Big Idea 5 covers the social, ethical, and legal dimensions of computing. It is the second-largest section and is entirely conceptual — no pseudocode, no algorithms. Students who dismiss BI5 as the “easy” Big Idea often lose points because the questions require careful reasoning, not just recall. The copyright/Creative Commons/open source distinction, the specific mechanisms of algorithmic bias, and the nuances of the digital divide are each tested with precision that requires studying the exact vocabulary.
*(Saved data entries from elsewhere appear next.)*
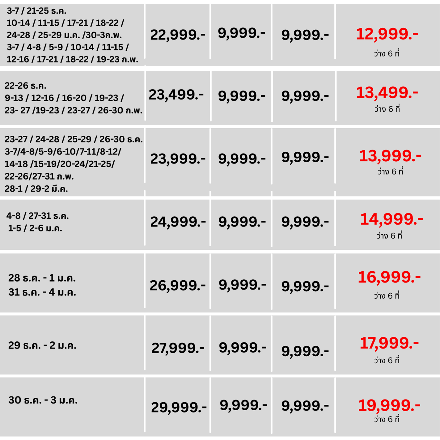| วันที่ 5 | ศูนย์เครื่องสำอาง – ศูนย์น้ำมันสนเข็มแดง – ศูนย์โสม/สมุนไพร – ร้านซุปเปอร์ขนมของฝาก – สนามบินสุวรรณภูมิ ประเทศไทย |
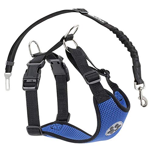 - Mantener Seguro y Cómodo --- El arnés envuelve alrededor del cuerpo del perro y el cuello que podría ser en lugar de un collar. Las correas se aprietan con seguridad para que los perros no puedan recorrer el coche para evitar que los perros salten al asiento delantero, pero no tiran contra ellos.
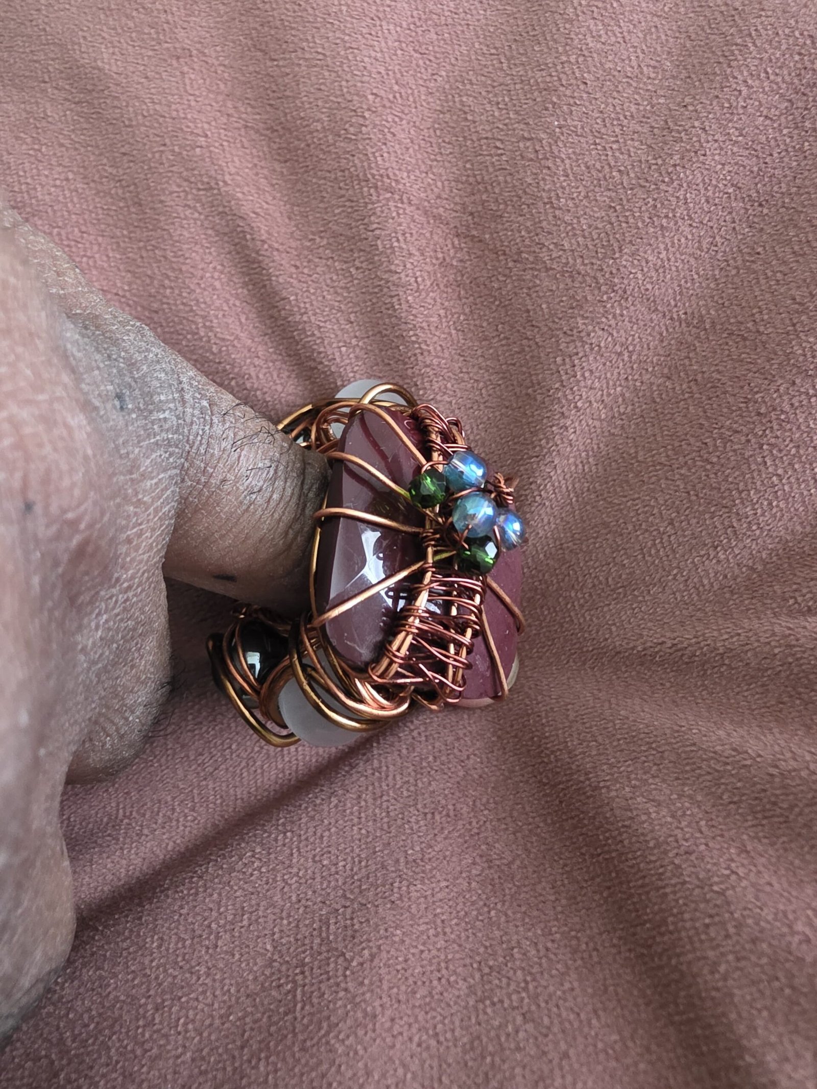 Copper Jewlery design such as oversized chunky rings, necklaces, pendants and bracelets. One of a kind pieces. High quality craftsmanship, full of color and life.
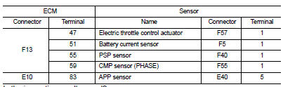 • Battery current sensor (Refer to EC-380, "Component Inspection".) • Power steering pressure sensor (Refer to EC-355, "Component Inspection".) • Camshaft position sensor (PHASE) (Refer to EC-284, "Component Inspection".) Is the inspection result normal? YES >> GO TO 5.

Privacy, Personal Data, and PII

What counts as personally identifiable information (PII). How digital activity creates permanent data trails. Why metadata exposes private patterns even when content is encrypted.

Digital Divide

The technology access gap across economic, geographic, demographic, and disability lines. Causes, consequences, and why tech solutions can accidentally widen the divide they intend to close.

Algorithmic Bias and Fairness

Biased training data produces biased algorithmic outcomes — even in well-intentioned systems. Feedback loops amplify existing bias. Diverse teams reduce (but cannot eliminate) algorithmic bias.

Copyright and Intellectual Property

Automatic protection for original creative works. What copyright covers (expression) and doesn't cover (ideas, facts). Fair use basics. How copyright applies to code, music, and online content.

Creative Commons and Open Source Licensing

Creative Commons licenses allow sharing with specific user-defined conditions (attribution, non-commercial, no derivatives). Open source makes source code publicly available. Neither means unrestricted use.

Crowdsourcing and Citizen Science

Distributing tasks or data collection to large online groups. Wikipedia, OpenStreetMap, protein folding research, and Amazon Mechanical Turk. Benefits (scale), challenges (quality control, data integrity).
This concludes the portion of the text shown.